Ребенок притих, соскользнул с материнских коленей и устремился во двор. Противный мальчик. Какой-то весь казенный. Не ребенок, а зек. Что, в общем-то, и неудивительно – он с полутора лет скитается по детским яслям и садам, и унылая печать советского учреждения уже изуродовала весь облик остриженного ребенка с какими-то тусклыми, невыразительными глазами. Левушка с грустью смотрит на младшего сына, старший, впрочем, тоже не радует – он вошел в тот возраст, когда характер бежит впереди ума, водится с дворовой шпаной и заметно отбивается от рук. А уж в него-то столько было сил вложено! Но сейчас Игорек сидит за взрослым столом, тих и вежлив и горд тем, что ему позволили рюмочку портвейна.

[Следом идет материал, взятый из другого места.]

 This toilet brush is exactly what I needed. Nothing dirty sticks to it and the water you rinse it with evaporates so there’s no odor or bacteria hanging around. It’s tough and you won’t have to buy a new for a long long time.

До Жоржа дошло, что оба эти мальчика, если не считать Сашкиного отпрыска, которому мать после развода сменила фамилию и даже отчество отняла, – последние в их роду, ни у кого, кроме Льва, из четырех братьев потомков пока нет. Похоже, и не будет. Сам он едва ли отважится на женитьбу, Николай детей принципиально иметь не хочет в силу патологического эгоизма и неуверенности в своем экономическом положении. Он почему-то осуждает младшего брата, полагая, что нечего нищету плодить: вот если б ты был профессором, как отец, имел бы и частную практику, тогда да, тогда «плодитеся и размножайтеся»… И сейчас казался прав Николай, а не Лев, уж как-то не чувствовалось в детях ничего интеллигентного. Вырождение, а не продолжение рода. А впрочем, это так естественно, чего еще ждать от нашего времени?
Со двора вернулся Севочка. Мальчишка подобрал где-то красный флаг, бегал сейчас по комнате и орал:
– Да здравствует товарищ Сталин! Ура!!!
Это демонстрация прошла по улице Желябова. Вел ее однорукий лейтенант с рупором, в который и подбадривал толпу.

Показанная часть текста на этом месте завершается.